“A Conservative,” that anonymous scribe within Heritage, surfaces again for the second time in three days with a cautionary tale for the Big Three about Henry Ford, FDR and Big Government strings.

This latest edition of New Common Sense, titled “Ford Faced Down FDR’s Blue Eagle,” reads as follows:  

Out of the rubble of the proposed bailout of the Big Three automakers, a phoenix may rise — or is it a blue eagle?

President Bush and Treasury Secretary Henry Paulson just might speed $10 billion or more to Detroit regardless of how Congress votes. After all, the government has some of that first $350 billion lying around from its $700 billion taxpayer bailout of the financial markets.

But while General Motors and Chrysler continue to beg for a handout, the other member of the Big Three — Ford — apparently clings ever so slightly to the entrepreneurial spirit of its pioneer: Henry Ford, who resisted President Franklin Delano Roosevelt’s government encroachment in the 1930s.

During the Great Depression, the National Recovery Act allowed businesses to establish industry-wide “codes” to regulate production, wages, prices and work hours. The NRA was a great boondoggle. In the auto industry, GM and Chrysler gladly signed the “Blue Eagle” code, using government coercion to force competitors to abide by rules they’d set for the market.

Compliant entrepreneurs received a nifty, government-created Blue Eagle logo to show off. Nothing drums up business like being sponsored by the government. But in 1933 that pesky Henry Ford refused to sign, writing:

I do not think that this country is ready to be treated like Russia for a while. There is a lot of the pioneer spirit here yet.”

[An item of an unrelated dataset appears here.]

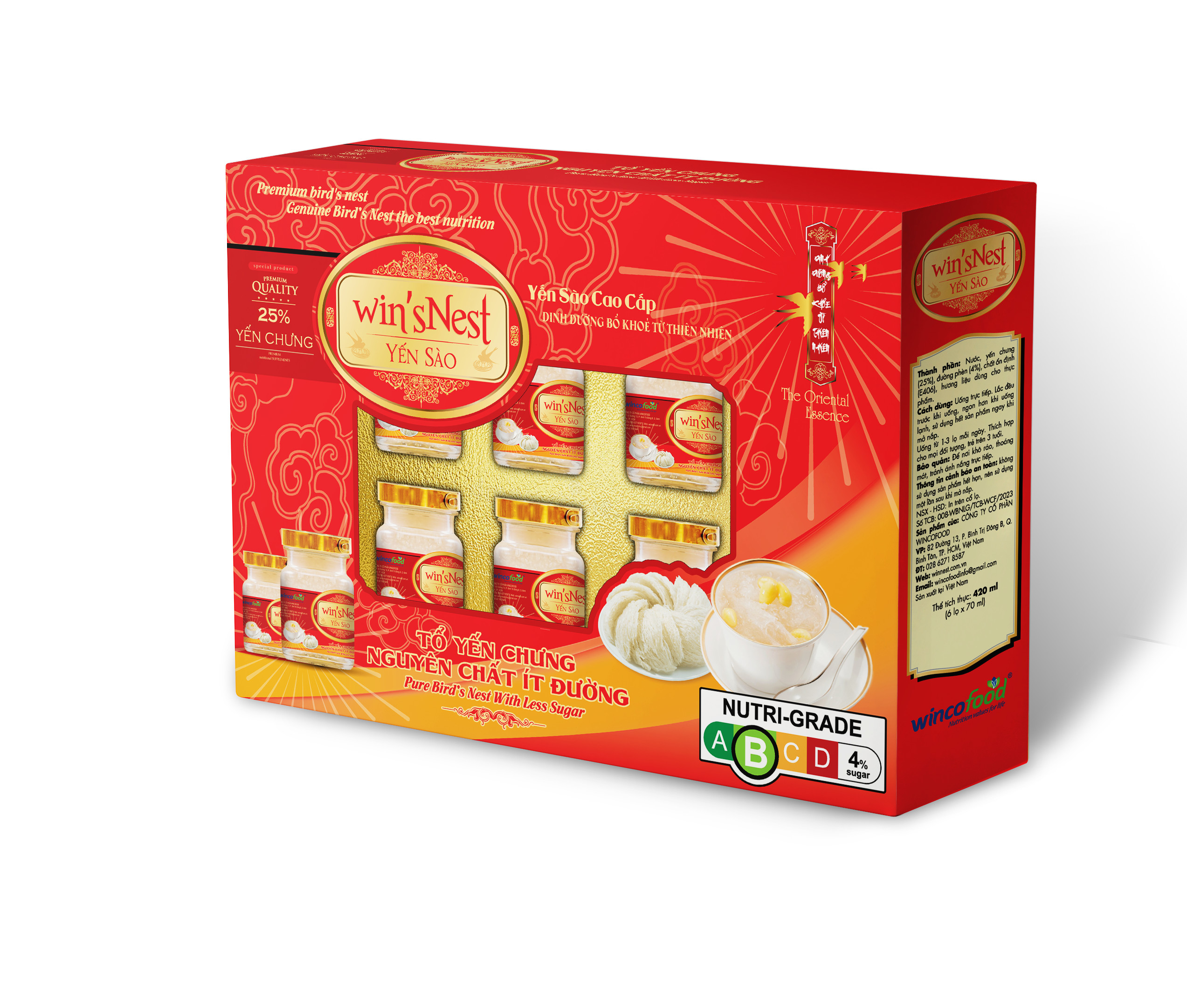 - Yến sào: Hỗ trợ tăng sức đề kháng cho cơ thể, chống lão hóa, ổn định thần kinh, trí nhớ, kích thích tiêu hóa, phục hồi sức khỏe nhanh chóng trong thời gian dưỡng bệnh. Đối tượng sử dụng: thích hợp cho mọi đối tượng đăc biệt trẻ từ 3 tuổi trở lên. Sản xuất: Việt Nam

Unlike rival automakers 75 years ago, who happily invited the government to restrict competition and skewer the consumer, Ford argued the NRA codes were un-American and unconstitutional.

President Roosevelt retaliated with an executive order barring Ford from government contracts. Because Ford could provide a better product at a better price than his government-supported competitors, though, FDR ultimately relented. Ford — and consumers — won the day.

Henry Ford, in insisting Americans weren’t ready to be treated like Russians, had reason to add “for a while.” Now the Big Three have got themselves stuck in the mud, but only Ford is unwilling to resort to New Deal thinking and give the wheel to Uncle Sam.